§ **Dataset content**

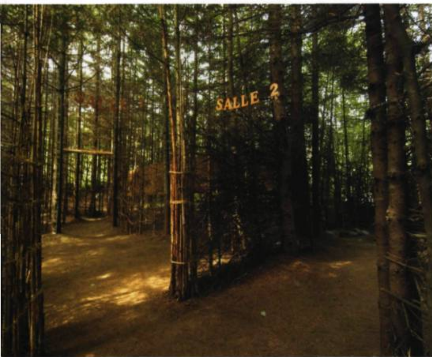
Danielle LAGACÉ, Le petit théâtre de Marie , 2005. Installation. 8 e Symposium international d'art in situ : Amérique baroque / Barocca America.
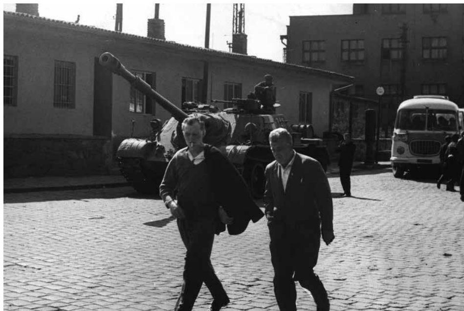
Okupační tank v areálu ČSAD Příbram.
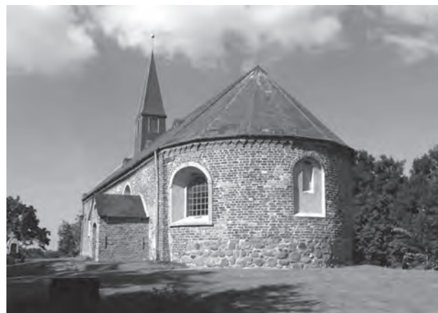
Fig. 10. Vollerwieck kirke, en af Gardings datterstiftelser.

En anden mulighed er imidlertid, at krøniketeksten kan have været inspireret af en levende tradition omkring særrettigheder, som moderkirken enten endnu var i besiddelse af, eller som havde eksisteret så langt op i tid, at man stadigvæk i 1400-tallet kunne huske dem på egnen. En sådan sejlivethed for gamle ordninger mellem kirkerne ville ikke være uden paralleller i det øvrige Europa, og herunder i England hvor kapellerne under de gamle minsters af og til måtte fungere uden begravelserettigheder helt frem til reformationen, således at man måtte transportere sine døde over ganske store afstande for at få dem i jorden ved den gamle moderkirke. 48 Ligeledes fra England kendes der også til ordninger gennem hele
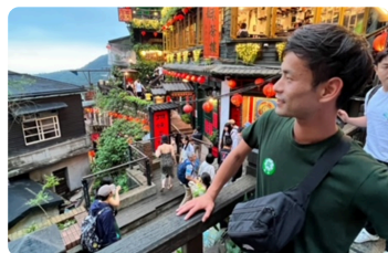
5年に一度の海外研修
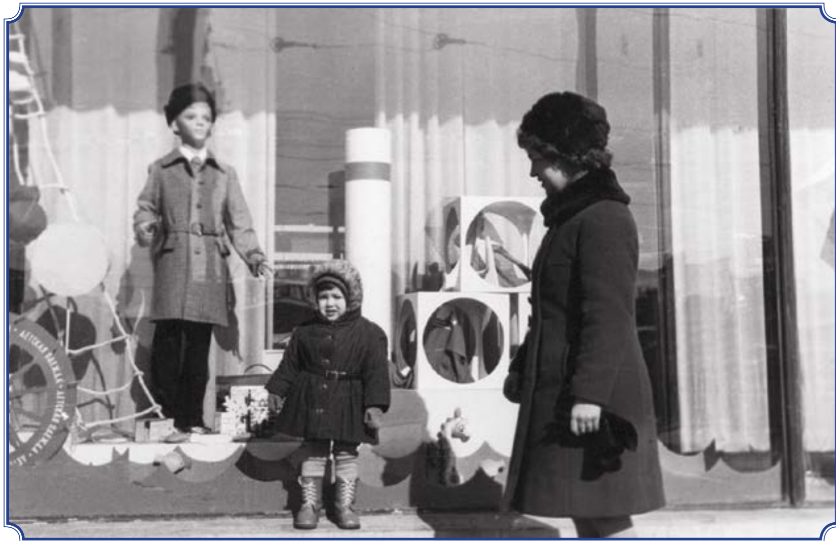
Сосновая Поляна, у витрины магазина «Детский мир», 1975 год
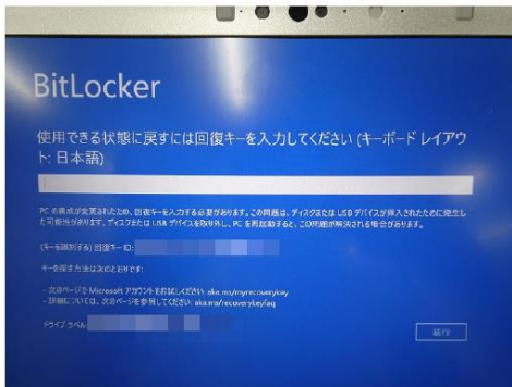
ロックされた状態の PC 画面

BitLocker は、SSD への不正アクセスへの対策として搭載されているディスク暗号化機能です。この機能により PC 内のデータがロックされる場合がございます。ロックを解除するためには、「回復キー」が必要になります。その場合に備えて、事前に「回復キー」を確認しておきましょう。

§ **Instructions to follow**
All lines from the start of the entries above through the line containing "Fig. 10. Vollerwieck" must be transcribed exactly, both ends included, and no picture may be copied.

§ **Completed exercise**
Danielle LAGACÉ, Le petit théâtre de Marie , 2005. Installation. 8 e Symposium international d'art in situ : Amérique baroque / Barocca America.
Okupační tank v areálu ČSAD Příbram.
Fig. 10. Vollerwieck kirke, en af Gardings datterstiftelser.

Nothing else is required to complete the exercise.